2次避難の期限 被災者が居場所に困らぬよう(2024年2月25日『』-「社説」)


 能登半島地震で、被災者が2次避難中の旅館やホテルの滞在期限が迫っている。居場所に困る事態にならないよう、十分な配慮が必要だ。

 石川県の被災地から金沢市内や温泉地などに避難している人は約5000人に上る。県は滞在期限を2~3月までと想定している。北陸新幹線の金沢―敦賀間の開業を3月に控え、観光客の増加が見込まれるためだ。

 県は移転先として、建設を進めている仮設住宅のほか、民間の住宅を県が借り上げる「みなし仮設住宅」、自宅を修繕して住むといった選択肢を示している。

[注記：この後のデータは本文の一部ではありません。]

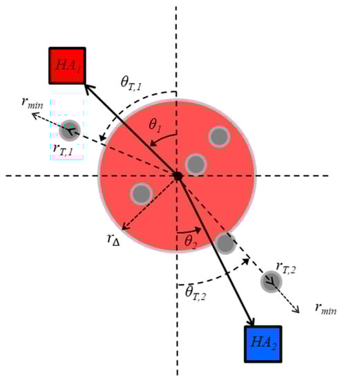 which is similar to Equation (2) and where and correspond to the velocity and acceleration of HA-i’s radial distance, respectively, is the radial distance of the farthest TA on HA-i’s side of the game field, and is a fixed parameter that specifies HA-i’s minimum preferred radial distance from a TA during shepherding to ensure repulsion towards the goal. In short, Equation (6) operates to reduce the radial distance of HA-i with respect to the radial distance of the currently pursued TA, (i.e., the farthest TA from the containment region HA-i’s side of the task field). The coefficients and correspond to the dampness and stiffness parameters, which vary the rate with which r converges to .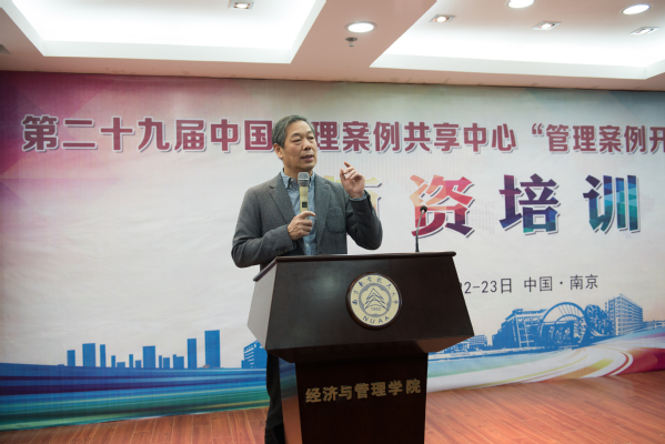 王萍主任肯定了短期内组织如此规模的培训准备工作,认为南京航空航天大学MBA项目经过十二年的发展成绩斐然,同时对此次培训提出具体要求。沈以赴主任在致辞中结合南航大MBA办学历程,特别强调了在MBA项目学员年轻化进程中,案例教学师资培训的现实意义。苏敬勤教授简要地介绍了中国管理案例共享中心,强调了案例教学较之课堂教学、实践教学的重要性,案例研究是中国管理研究的正确方向,以及MBA教学的“一体两翼”(案例库、教师、学员)。

 仮設住宅は、県が4000戸を準備しているが、入居希望は7000件を超えている。平地が少なく用地の確保が難しいため、ニーズに追いつけない状況だという。2階建てや民有地の活用などに努め、建設を急いでほしい。

 みなし仮設住宅に入るにしても、あまり遠くには行きたくないという被災者が多いだろう。県内で被災の少なかった地域や隣県の、できるだけ近くにアパートなどを確保するのが望ましい。

 学齢期の子供がいる家庭では、移転に伴って、通学先を変えることをためらうケースもあろう。被災者が抱えている事情は様々だ。国や自治体は、要望に耳を傾け、丁寧に対応する必要がある。

 被災者が2次避難している旅館やホテルは、地震の後、予約のキャンセルが相次いだ。コロナ禍に苦しんできた宿泊施設にとって新幹線延伸への期待は大きい。避難者の受け入れが長引けば、本来の業務に支障が出る恐れもある。

 ただ、ようやく落ち着きを取り戻した被災者の心情を思えば、観光振興と避難者受け入れの両立を模索する余地はないだろうか。

 被災の少なかった小松市の3旅館は、受け入れを7月頃まで延ばすという。加賀市のホテルは従業員寮を提供することにした。

 他の宿泊施設も、できるだけ柔軟に対応してもらいたい。少なくとも、断水が完全に解消されるまでは支援が必要だろう。

 避難者が希望した場合、滞在中にアルバイトとして雇用する可能性を探ってはどうか。2次避難者の受け入れを継続する宿泊施設に対しては、国や自治体が支援の拡充を検討することも一案だ。

 福井や富山といった隣県の旅館やホテルが、売り上げの一部を被害の大きかった能登地方に寄付する取り組みが広がっている。北陸全体の復興を目指し、助け合う機運を高めることが大切だ。